Wichtig für Eltern ist es zu wissen, dass nicht alle Hausaufgaben immer zum zum nächsten Tag aufgegeben werden. Wird zum Beispiel am Montag eine Hausaufgabe für den Mittwoch aufgegeben, kann es sein, dass das Kind am Montag fast gar nichts für den Folgetag aufhat. Die Eltern tun gut daran, besonders Grundchulkinder zu fragen, was sie aufbekommen haben.
Hat man den Eindruck, dass das Kind länger an den Hausaufgaben sitzt als angemessen, sollte man zuerst mit dem Kind selber die Ursachen herausfinden. Hat das Kind die Aufgabe verstanden? Ist dies nicht der Fall, kann es sein, dass es herumrätselt oder sich mit falschen Lösungsansätzen verzettelt.

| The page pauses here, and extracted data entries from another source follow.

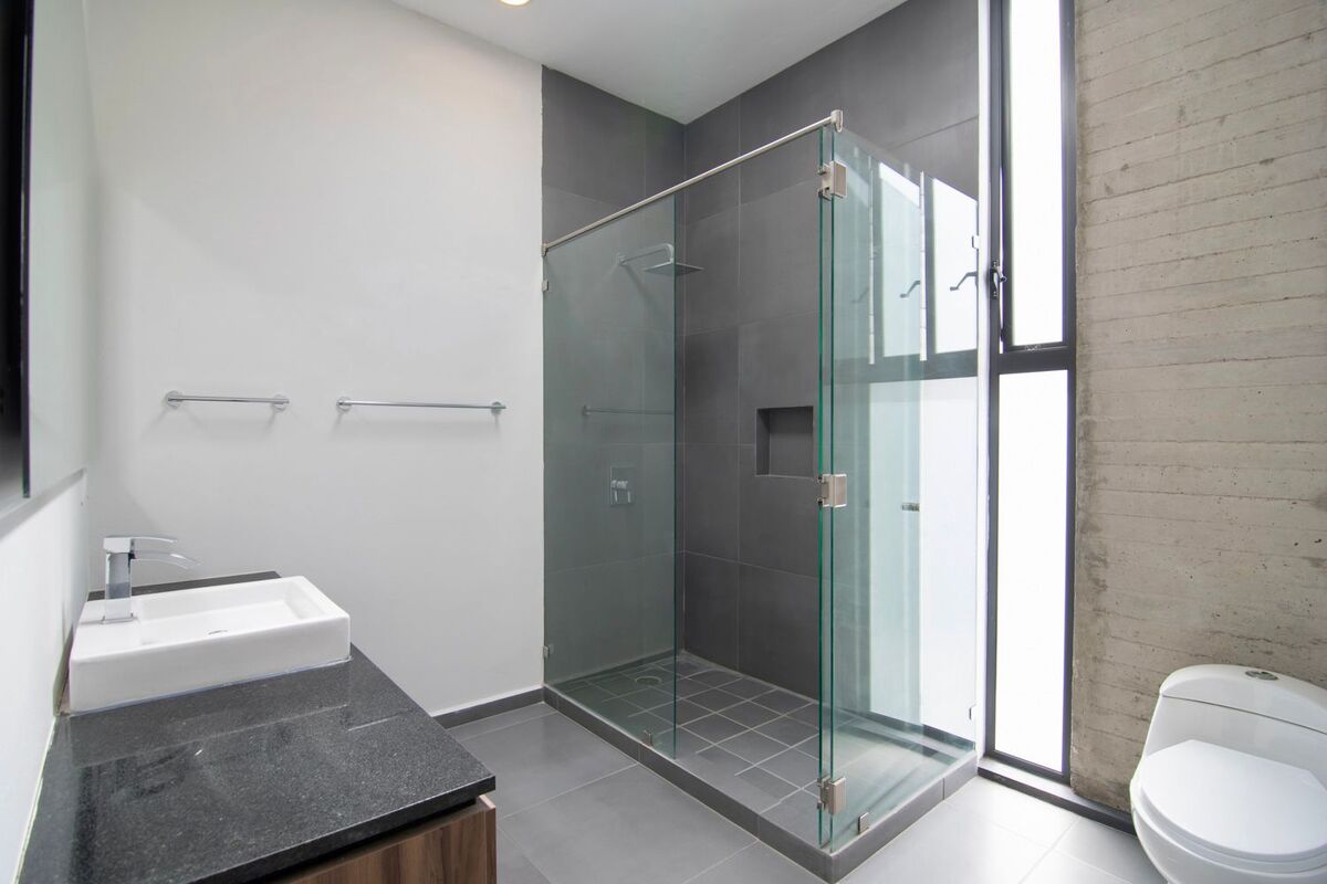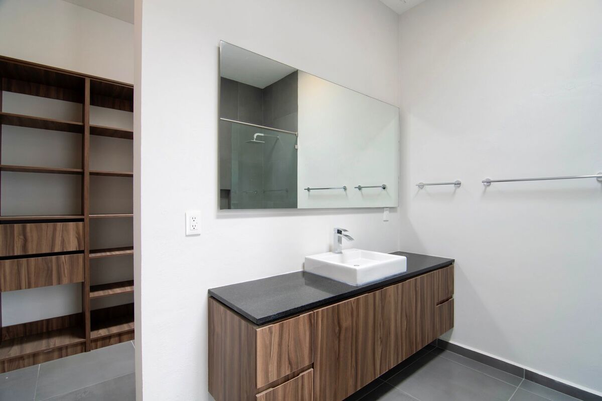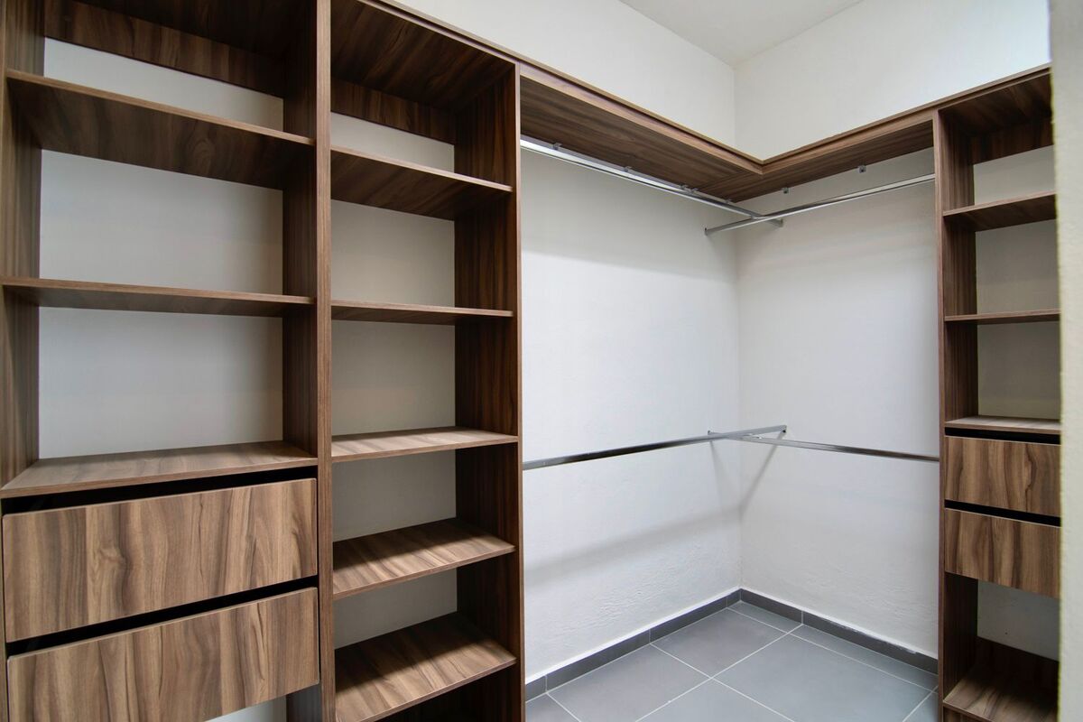 3 habitaciones, la principal con walking closet y baño completo, las 2 secundarias con clóset y 1 baño en pasillo para compartir.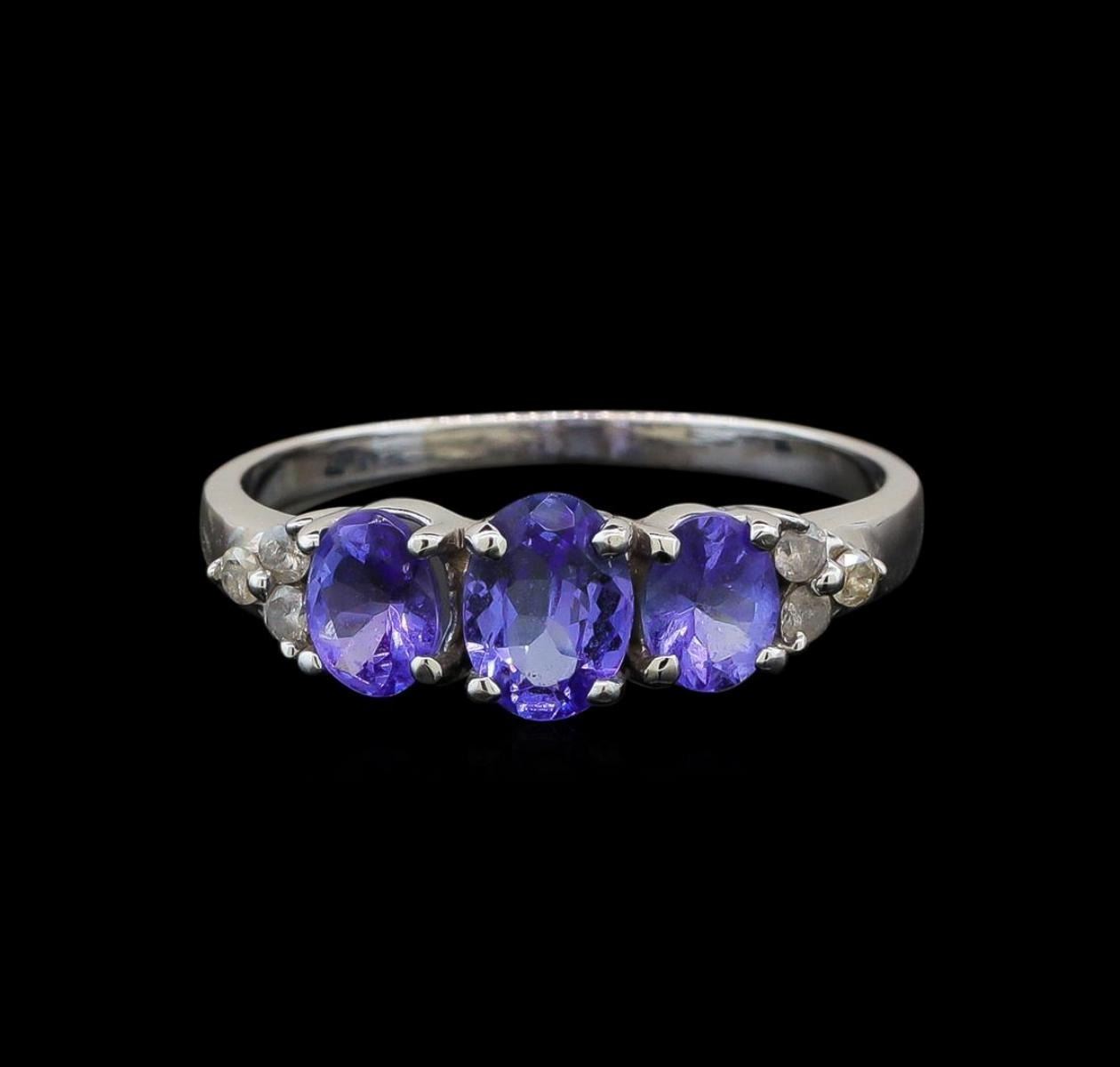 One electronically tested 14KT white gold ladies cast tanzanite and diamond ring with a bright polish finish. Identified with markings of "14K". Condition is new. Containing: One prong set oval modified brilliant cut natural tanzanite, measuring 6.40 x 4.50 x 2.93mm, approximate weight of 0.59ct., clarity is eye clean, type I, medium light, slightly grayish, violet color, (GIA V 4/2), cut is good. Two prong set oval modified brilliant cut natural tanzanites, measuring 5.00 x 4.00 x 2.60mm, approximate total weight of 0.74ct., clarity is eye clean, type I, medium light, slightly grayish, violet color, (GIA V 4/2), cut is good. Six prong set round brilliant cut diamonds, measuring 1.30 - 1.30 x 0.78mm (depth est.) approximate total weight of 6 Stones = 0.05ct. Clarity: I-1 to I-2. Color: I - J. Colored gemstones are presumed to have been subjected to commonly used enhancement processes. Colored gemstones are presumed to have been subjected to commonly used enhancement processes. All diamonds and colored gemstones are graded in the mounting, unless otherwise stated. All diamonds and colored gemstones are graded in the mounting, unless otherwise stated. Total Weight of Colored Stones 1.33ct. Total Weight of Diamonds 0.05ct. Total Weight of Ring 2.20 grams. GGL Appraised.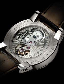 Mechanical hand-wound, exclusive tourbillon, 3 Hz, 14 ½ lines, 19 jewels, 21,600 vib/h, lateral lever escapement, winding mechanism with “octopus” spring visible on the caseback, 72-hour power reserve, “Côtes du Jura” finish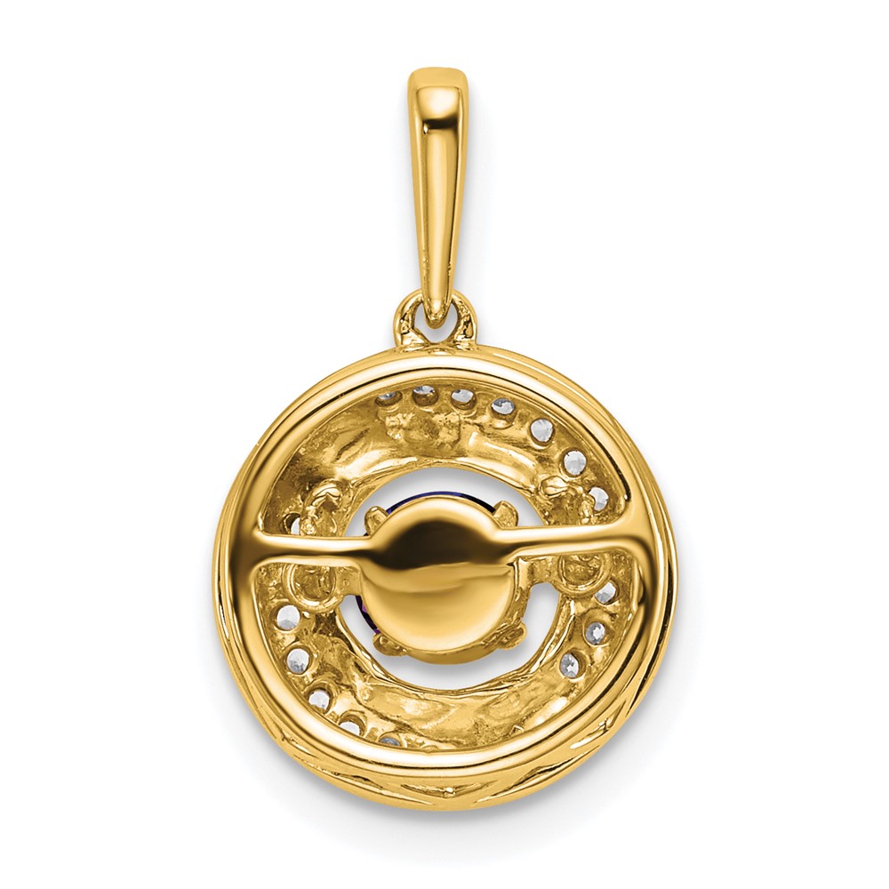 14k 4.5mm Round Moving Vibrant Amethyst and Diamond Pendant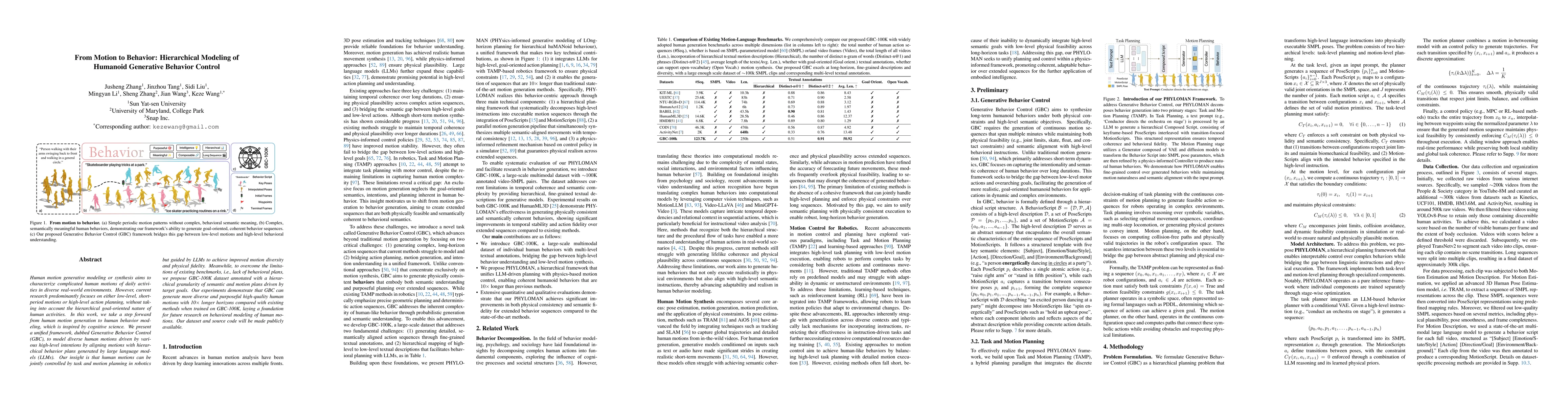 The research presents Generative Behavior Control (GBC), a unified framework for modeling diverse human motions driven by high-level intentions, aligning motions with hierarchical behavior plans generated by large language models (LLMs). It introduces the GBC-100K dataset, annotated with a hierarchical granularity of semantic and motion plans driven by target goals.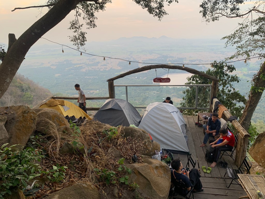 Homestay chúng tôi ở lại là Thác Suối Tiên có view rất đẹp, thông thoáng, rộng rãi có thẻ nhìn xuống những cánh đồng bên dưới, chỉ là không thể nhìn thấy bình minh và hoàng hôn thôi. Hiện tại có 2 nhóm khách khoảng 15 người ở lại trong các căn phòng kiểu bungalow, họ đang chuẩn bị đồ ăn để nướng cho buổi tối; tụi tôi chỉ thuê chỗ cắm, lều tự mang theo, 9 đứa 3 lều quá hợp lý.

Arbeitet das Kind konzentriert? Oft sitzen Kinder deshalb lange über ihren Aufgaben, weil sie zwischendurch an andere Dinge denken oder sich mit anderem beschäftigen: Ist ein Zweitklässler zum Beispiel während seiner Hausaufgaben aufgestanden und hat mit seinen Geschwistern gesprochen oder dem Fernseher einen kurzen Zwischenbesuch abgestattet, wird klar, warum er die Aufgaben in der dafür vorgesehenen Zeit nicht erledigen konnte. Aber es kann auch sein, dass das Kind lustlos oder unkonzentriert an die Aufgaben herangegangen ist, und es deshalb länger gedauert hat.
Mitunter fallen einem Kind auch manche Fächer schwerer als andere. Ist man sich aber sicher, dass das Kind konzentriert und ohne Pause gearbeitet hat und trotzdem wesentlich länger ( mehr als eine Viertelstunde) für seine Hausaufgaben braucht, kann man die Eltern befreundeter Klassenkameraden fragen, wie lange die Aufgaben dort in der Regel dauern. Haben mehrere Elternpaare den Eindruck, dass die Kinder zu lange an ihren Aufgaben sitzen, weil sie offensichtlich zu viel aufbekommen, kann ein Gespräch mit dem Lehrer hilfreich sein.
Gehört das Kind aber eher zur Kategorie der Träumer oder hat es die Angewohnheit, sich schnell ablenken zu lassen, hilft ein Kurzzeitwecker. Dieser wird auf die Arbeitszeit eingestellt, in der das Kind die Aufgaben eigentlich ohne Mühe schaffen könnte. Ist es zum Zeitpunkt des Klingels erst zur Hälfte fertig, kann man gemeinsam überlegen, woran dies liegt und was nun zu tun ist.